“[In service design] the only one to see the big picture is the client.” said John Holager, Senior Service Designer, live|work at the Innovation and Service Design conference, 29 Jan 2010, Malmö, Sweden.

This is a wonderfully simple and revelatory observation that made so much immediate sense!

Most businesses are divided into specialised departments and divisions, each focused on their own little specialisation. Service design is an activity done without much (if any) big picture direction and view – each department creates their own procedure to suit their own requirements, leaving the unfortunate client to move from one pipeline to another.

It is little wonder that so many services are clumsy – because one hand doesn’t know what the other hands are up to, and don’t necessarily care either! This is design by isolated committees (note the plural).

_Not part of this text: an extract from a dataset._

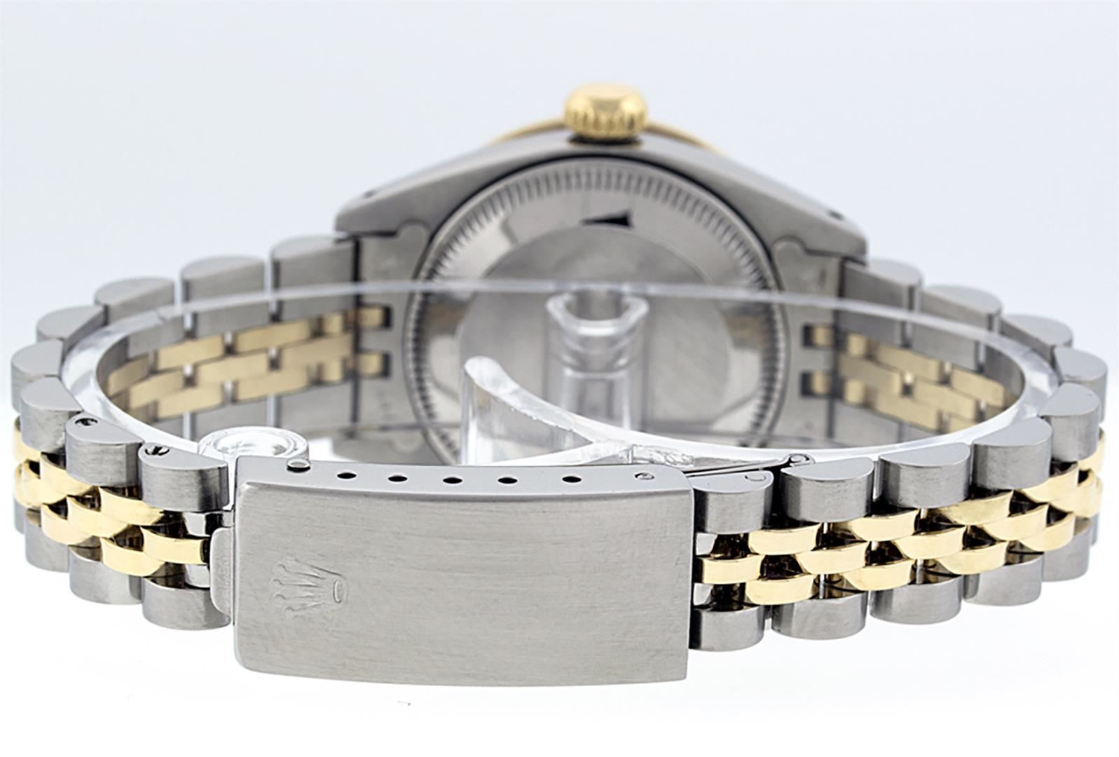 One Ladies Two Tone Rolex Datejust Polished, Serviced & Electronically Tested, Yellow Gold & Stainless Steel Case: 26mm, Yellow Gold Crown, Custom Bezel: New 18K Yellow Gold Ruby Beadset Diamond Bezel, Diamond Count: 28 Diamonds + 4 Rubies, Total Weight .70 Carat, Clarity: SI-VS, Color: G to H. Custom Crystal: New Scratch Resistant Synthetic Sapphire Cyclops Lens. Custom Hands: New Luminescent Hands. Movement: Automatic Winding Movement. Custom Dial: Pink Mother Of Pearl With Ruby String Diamond Hour Markers. Stone Count: 10 Rubies + 33 Diamonds In Dial, Clarity: SI-VS, Color: G to H. Date Window: 3 O'Clock Position Date Display, Model: Datejust. Condition: G-6 Extra Fine. Bracelet: Two Tone Yellow Gold & Stainless Steel Jubilee. Bright Polish. 6.0 Inch Length, Adjustable. Standard Clasp, With Rolex Logo. This Watch Has Been Serviced Time Tested And Is In Excellent Condition It Is Free Of All Scratches And Dents.

Service design done this way uses a value chain mechanism, a production line mechanism, where each department’s “link” is presented in a linear fashion to the client. Unfortunately, service design, refinement and delivery occur in a value net situation, where feedback and corrective actions are immediate. Right down to the level of “the client is starting to look agitated so I as the service delivery person need to change tack now”…

Feedback in the linear model is clumsy at best. By the time the client is ready to give feedback for Step A (regarding an issue which only came to light in Step C), there is no one at Step C who knows or cares about Step A’s design! Haven’t we all experienced this?!